Thursday, 12 February 2015

UK Archaeologists go the Extra Mile


Posted on  Feb 11 2015 by the Administrator of "the Dig Site" a UK archaeology webpage: at Metal Detectorists - not all bad news
We've all heard horror stories of "night hawking" by irresponsible metal detectorists; plundering everything from scheduled ancient monuments to ongoing excavations. The Dig Site team don't believe this is a fair representation of most detectorists and so would like to hear from you about positive stories. Stories about working in partnership on digs, of good practice and of adding to the historical record. The best stories will be featured on this website. We look forward to hearing from you, closing date is Friday 27 February 2015. Send your stories to us at digdiscoverenjoy@gmail.com
Good practice or best practice? The PAS was set up to encourage best practice. That's what people are paying for.

This project is a pretty egregious example of the airheadedness that permeates the debate on artefact collecting in British archaeology in at least two aspects. First of all it is almost as if one can expect that next week they will do an essay competition to show "not all Moslems are terrorists" and the week after, "not all Catholic clergymen are sex perverts". I really do wonder why they feel there are such stereotypes among their readers. Do they imagine that they are all that thick? The "digsite" team are falling into the pro-collecting lobby's trap of arguing that anything that is not nighthawking is OK. This leads the unwary to the conclusion that if you separate artefact hunters into two groups "nighthawks" and "others" this has identified all the "responsible detectorists". The fallacy of that argument should be pretty obvious to anyone thinking the issue through, but as we have seen time and time again, not all UK archaeologists see it.
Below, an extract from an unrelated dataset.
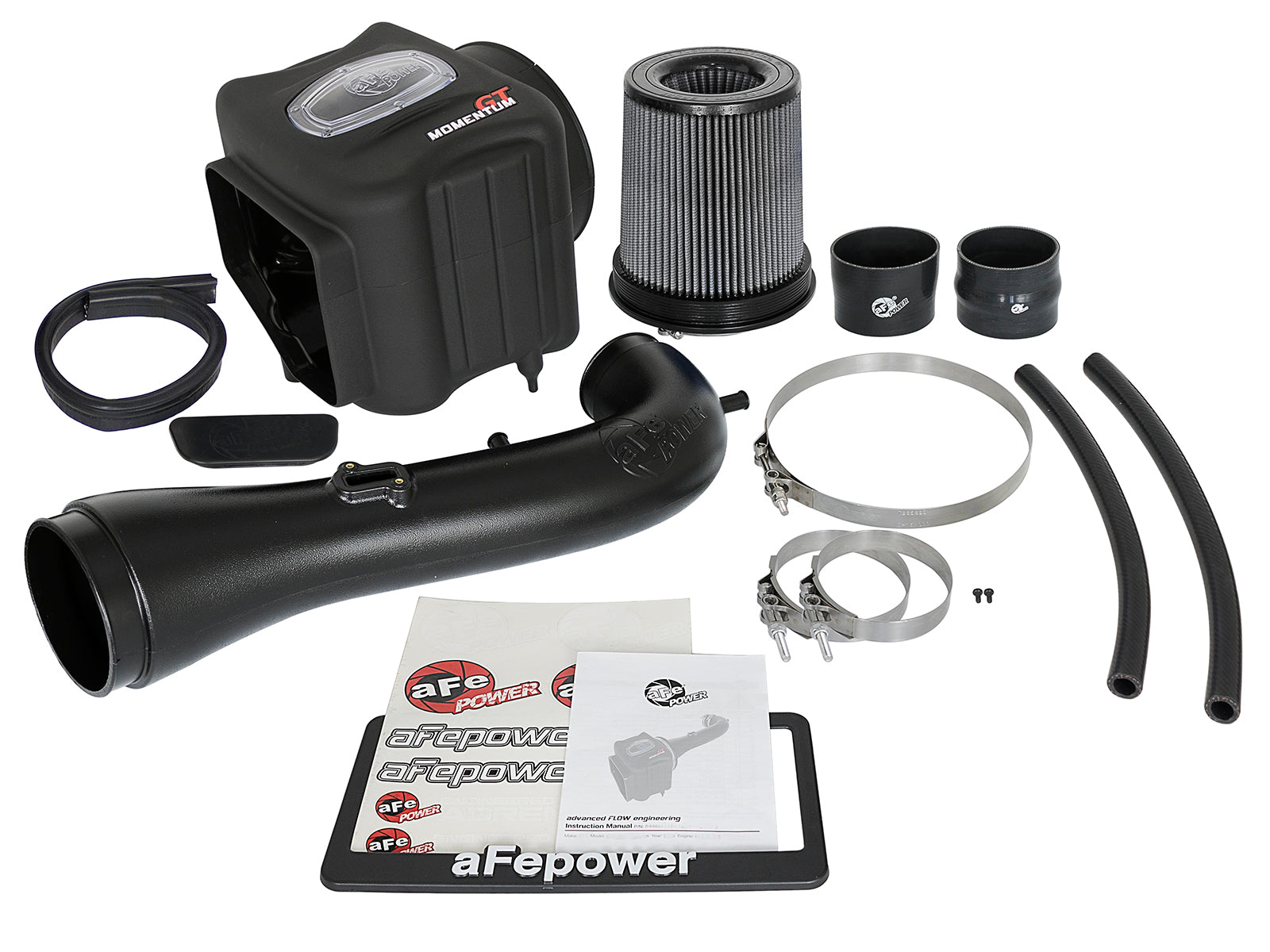 Momentum GT Cold Air Intake System w/ Pro DRY S Filter Momentum GT Cold Air Intake System w/ Pro DRY S Filter GM Silverado/Sierra 1500 14-19/Tahoe/Suburban/Yukon/XL/Escalade 15-20 V8-5.3L/6.2L Unique One-Piece High Quality Housing w/ Auxiliary Scoop: The smooth one-piece high quality sealed housing with auxiliary air inlet is used to eliminate the use of multiple-piece housings and ensure the coolest air intake charge available. A large, clear sight window is used for a hassle-free filter inspection and an aggressive style. A urethane plug is also included if you wish to block off the auxiliary air inlet. (US PAT 9440175) For Filter-to-Housing Interface. High Quality Tube: This system uses a high quality, dyno-tuned intake tube to achieve maximum power gains while maintaining a perfect fit. Custom High Temp. Silicone Coupling: A custom high temperature reinforced silicone elbow coupling with aluminum fitting is included for easy install to the factory breather line. Huge Pro DRY S Performance Air Filter: The Momentum GT is designed around a massive oil free Pro DRY S performance 360 degree radial flow air filter with 3-layers of progressive finer porosity synthetic media providing maximum convenience. and is constructed with 100% polyurethane frame for long life and multiple cleaning cycles. The unique filter-to-housing interface (patent pending) allows for maximum filter size which increases the available air volume while simplifying the installation process. Premium Hardware: Premium clamps and a silicone elbow coupling are used for strength and flexibility while also providing the most secure installation available. Momentum intakes are designed with fewer parts for a quick and simple installation. Outflows Factory Intake By Up To 30% High Quality 1-Piece Sealed Housing w/Aux. Air Inlet Pro DRY S Oil-Free 3 Layer Progressively Finer Syn. Media Built-In Sight Window Provides Easy Inspection Of Filter Unique Filter-To-Housing Interface For Easy Installation No Cutting Or Drilling on Factory Parts

The other problem is these archaeologists insist on talking about "metal detectorists". So what are they looking for, tales of good practice using a metal detector (the guys who took part in an archaeological survey of a battlefield site and collected up and plotted all the bits of canister shot? The guy who took part in such a survey and insisted on keeping "only one" artefact for himself)? Or are they talking about good/best practice in artefact hunting and collecting? These are two different things. It is the latter - what artefact hunters do on their own when not being supervised - that is the issue. "Working in partnership on digs" is not the issue, "good practice and of adding everything found to the historical record and not damaging anything" is. Also they are making a mistake selecting out what they consider the best stories and presenting it as an example of the sort of behaviour they'd like (for some reason best known to themselves) us all to think is fairly typical. I think we should see the full range of accounts wihich detectorists consider to be the epitome of that "good practice". What have "thedigsite" got to gain by hiding the evidence they've gathered?

Still, let artefact hunters stop playing the victim and get down to writing their stories.

2 comments:

  1. Point of info for the Dig Site team:

    "night hawking by irresponsible metal detectorists" wrongly conflates two distinct groups. Irresponsibility is NOT nighthawking, it's legal bad practice such as not reporting all finds to PAS - and that IS representative of most detectorists, according to PAS's estimates.

    It would be more constructive if the team started from that basic point of understanding. Citing instances of good practice to contrast with a small minority of criminals misses the point and gives the impression there are only 2 sorts of detectorists when there are three.

    ReplyDelete
  2. Point of info for the Dig Site team:

    "night hawking by irresponsible metal detectorists" wrongly conflates two distinct groups. Irresponsibility is NOT nighthawking, it's legal bad practice such as not reporting all finds to PAS - and that IS representative of most detectorists, according to PAS's estimates.

    It would be more constructive if the team started from that basic point of understanding. Citing instances of good practice to contrast with a small minority of criminals misses the point and gives the impression there are only 2 sorts of detectorists when there are three.